Available data Block Start

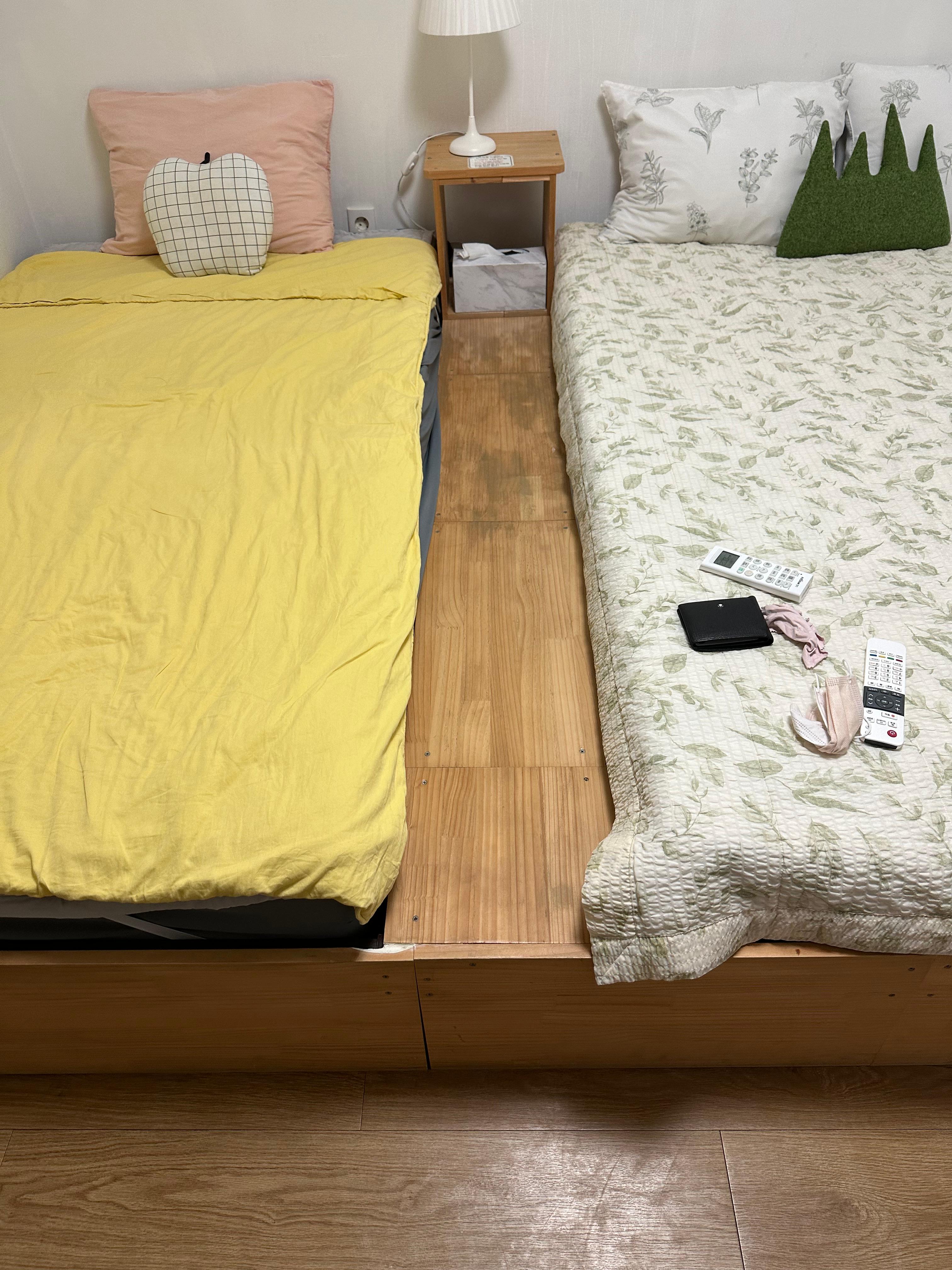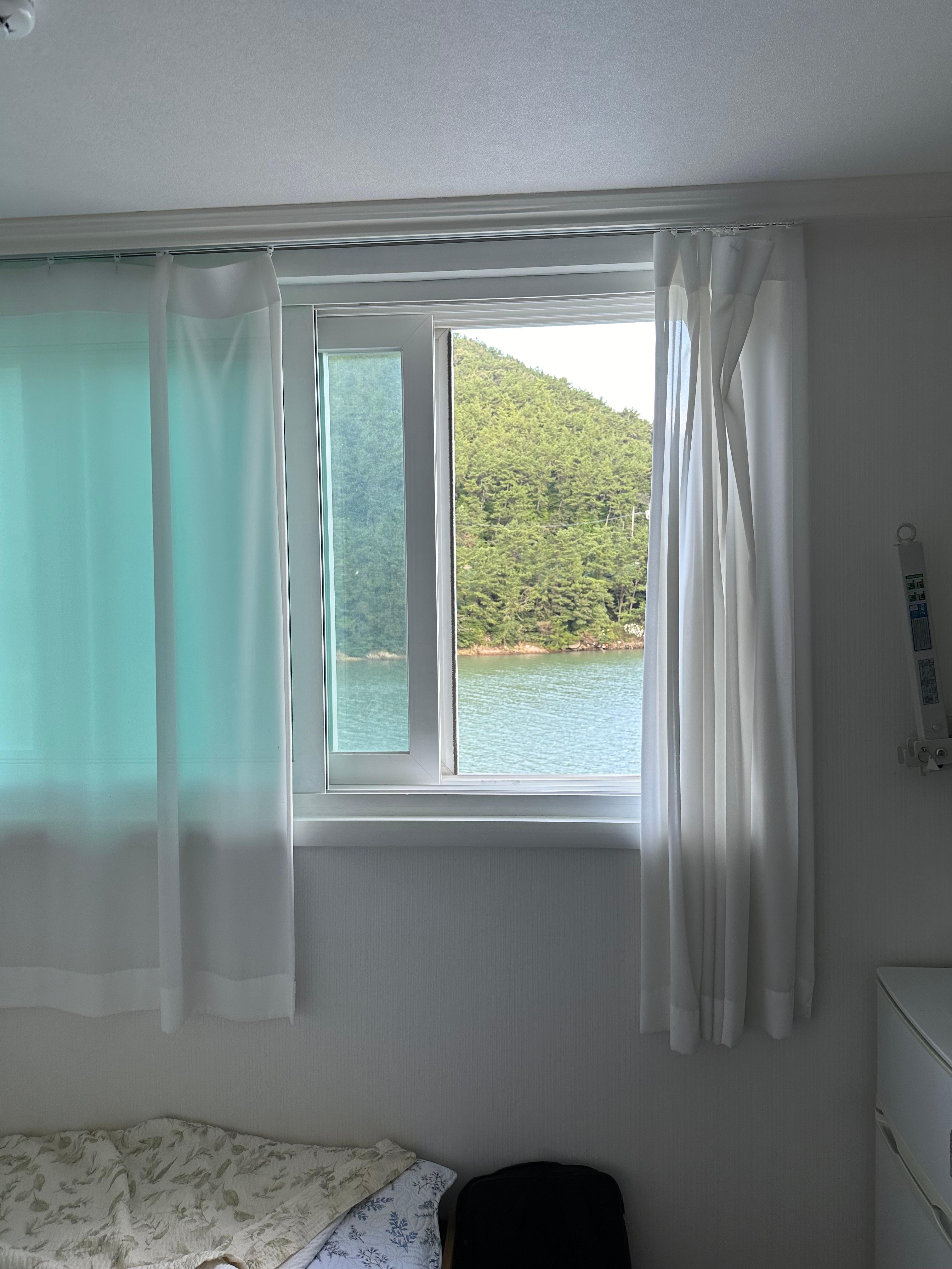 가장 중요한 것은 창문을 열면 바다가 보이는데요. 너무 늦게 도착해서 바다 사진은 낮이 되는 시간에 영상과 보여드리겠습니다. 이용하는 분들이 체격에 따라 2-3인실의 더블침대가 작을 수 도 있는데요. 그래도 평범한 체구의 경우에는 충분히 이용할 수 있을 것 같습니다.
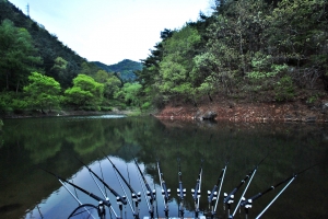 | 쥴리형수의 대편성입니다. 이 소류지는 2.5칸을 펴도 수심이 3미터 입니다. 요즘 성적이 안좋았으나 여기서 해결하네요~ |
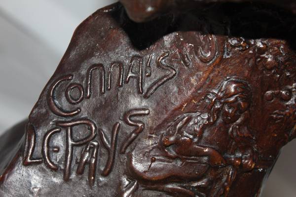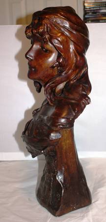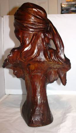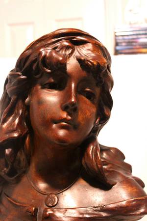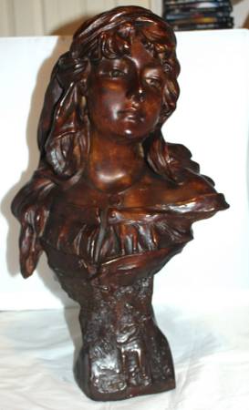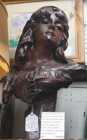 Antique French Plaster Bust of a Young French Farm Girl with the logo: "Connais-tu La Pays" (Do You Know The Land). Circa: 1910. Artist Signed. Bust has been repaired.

Available data Block End

> Activity
Without any pictures, repeat the listing exactly.

> Output
 가장 중요한 것은 창문을 열면 바다가 보이는데요. 너무 늦게 도착해서 바다 사진은 낮이 되는 시간에 영상과 보여드리겠습니다. 이용하는 분들이 체격에 따라 2-3인실의 더블침대가 작을 수 도 있는데요. 그래도 평범한 체구의 경우에는 충분히 이용할 수 있을 것 같습니다.
 | 쥴리형수의 대편성입니다. 이 소류지는 2.5칸을 펴도 수심이 3미터 입니다. 요즘 성적이 안좋았으나 여기서 해결하네요~ |
 Antique French Plaster Bust of a Young French Farm Girl with the logo: "Connais-tu La Pays" (Do You Know The Land). Circa: 1910. Artist Signed. Bust has been repaired.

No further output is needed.